* TASK INSTRUCTIONS *
Give again, exactly as written, the lines of the records below from the line with "C1=CC2=C(C=C1Cl)N(C(=O)N(C2=O)CC3=C(C=C(C=C3)Br)F)CC(=O<br />)O" to the line with "Szczecinek railway station". Both end lines count; pictures do not.

* SUPPLIED DATA *
***

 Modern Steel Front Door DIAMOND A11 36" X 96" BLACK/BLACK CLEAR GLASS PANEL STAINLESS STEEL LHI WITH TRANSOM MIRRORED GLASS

***

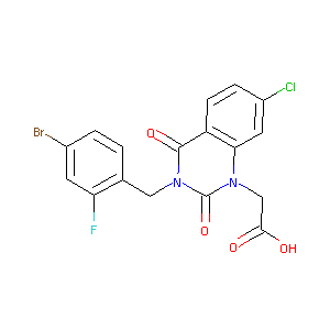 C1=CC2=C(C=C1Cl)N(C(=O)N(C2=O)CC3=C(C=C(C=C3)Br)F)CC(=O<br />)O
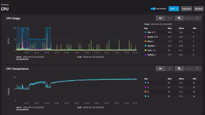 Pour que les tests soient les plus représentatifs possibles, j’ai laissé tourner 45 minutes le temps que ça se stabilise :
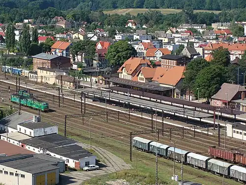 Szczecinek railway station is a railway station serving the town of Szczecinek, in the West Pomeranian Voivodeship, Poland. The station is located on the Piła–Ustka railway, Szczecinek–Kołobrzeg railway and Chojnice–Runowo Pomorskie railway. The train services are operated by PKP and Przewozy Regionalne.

***

* RESULT FOR THIS EXERCISE *
 C1=CC2=C(C=C1Cl)N(C(=O)N(C2=O)CC3=C(C=C(C=C3)Br)F)CC(=O<br />)O
 Pour que les tests soient les plus représentatifs possibles, j’ai laissé tourner 45 minutes le temps que ça se stabilise :
 Szczecinek railway station is a railway station serving the town of Szczecinek, in the West Pomeranian Voivodeship, Poland. The station is located on the Piła–Ustka railway, Szczecinek–Kołobrzeg railway and Chojnice–Runowo Pomorskie railway. The train services are operated by PKP and Przewozy Regionalne.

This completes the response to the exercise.